:: EXTRACTED MATERIAL ::

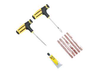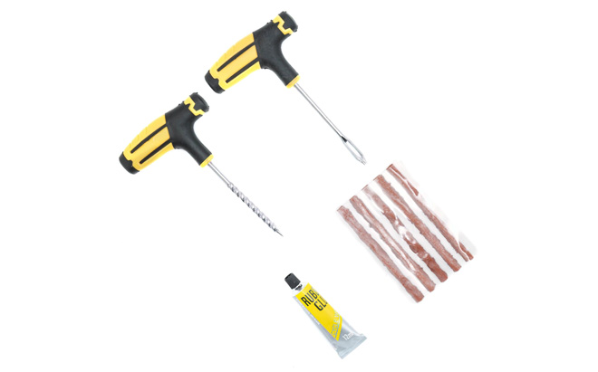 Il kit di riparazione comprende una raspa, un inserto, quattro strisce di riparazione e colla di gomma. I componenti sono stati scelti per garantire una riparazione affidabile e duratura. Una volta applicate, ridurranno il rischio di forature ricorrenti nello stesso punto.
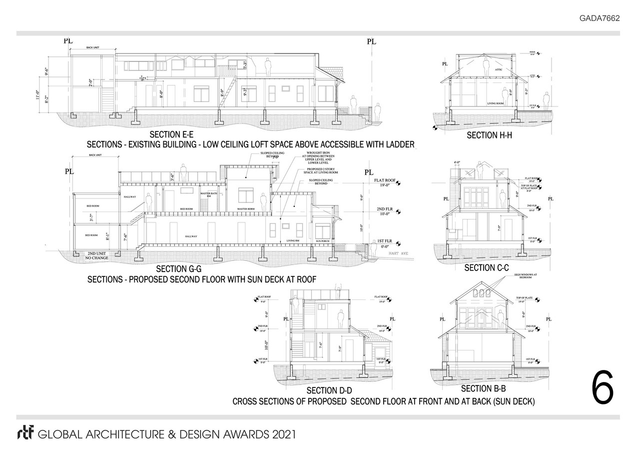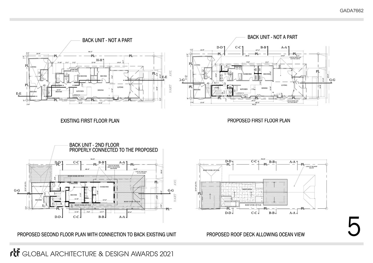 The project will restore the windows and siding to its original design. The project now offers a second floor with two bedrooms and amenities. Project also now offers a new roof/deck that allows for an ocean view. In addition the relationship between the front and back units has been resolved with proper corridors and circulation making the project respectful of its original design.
...
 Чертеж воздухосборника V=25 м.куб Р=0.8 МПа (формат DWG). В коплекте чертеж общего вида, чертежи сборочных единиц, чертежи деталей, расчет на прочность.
--
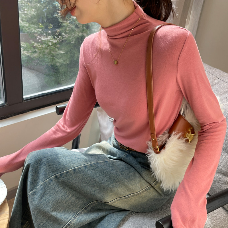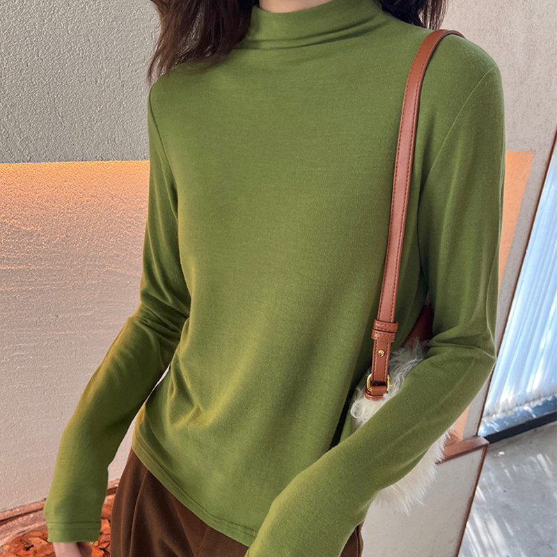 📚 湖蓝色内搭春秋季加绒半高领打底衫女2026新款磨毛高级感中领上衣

:: ACTIVITY ::
Everything above from the line with "Il kit di riparazione" through the line with "The project will" should be retyped exactly, and nothing else; omit pictures.

:: EXERCISE SOLUTION ::
 Il kit di riparazione comprende una raspa, un inserto, quattro strisce di riparazione e colla di gomma. I componenti sono stati scelti per garantire una riparazione affidabile e duratura. Una volta applicate, ridurranno il rischio di forature ricorrenti nello stesso punto.
 The project will restore the windows and siding to its original design. The project now offers a second floor with two bedrooms and amenities. Project also now offers a new roof/deck that allows for an ocean view. In addition the relationship between the front and back units has been resolved with proper corridors and circulation making the project respectful of its original design.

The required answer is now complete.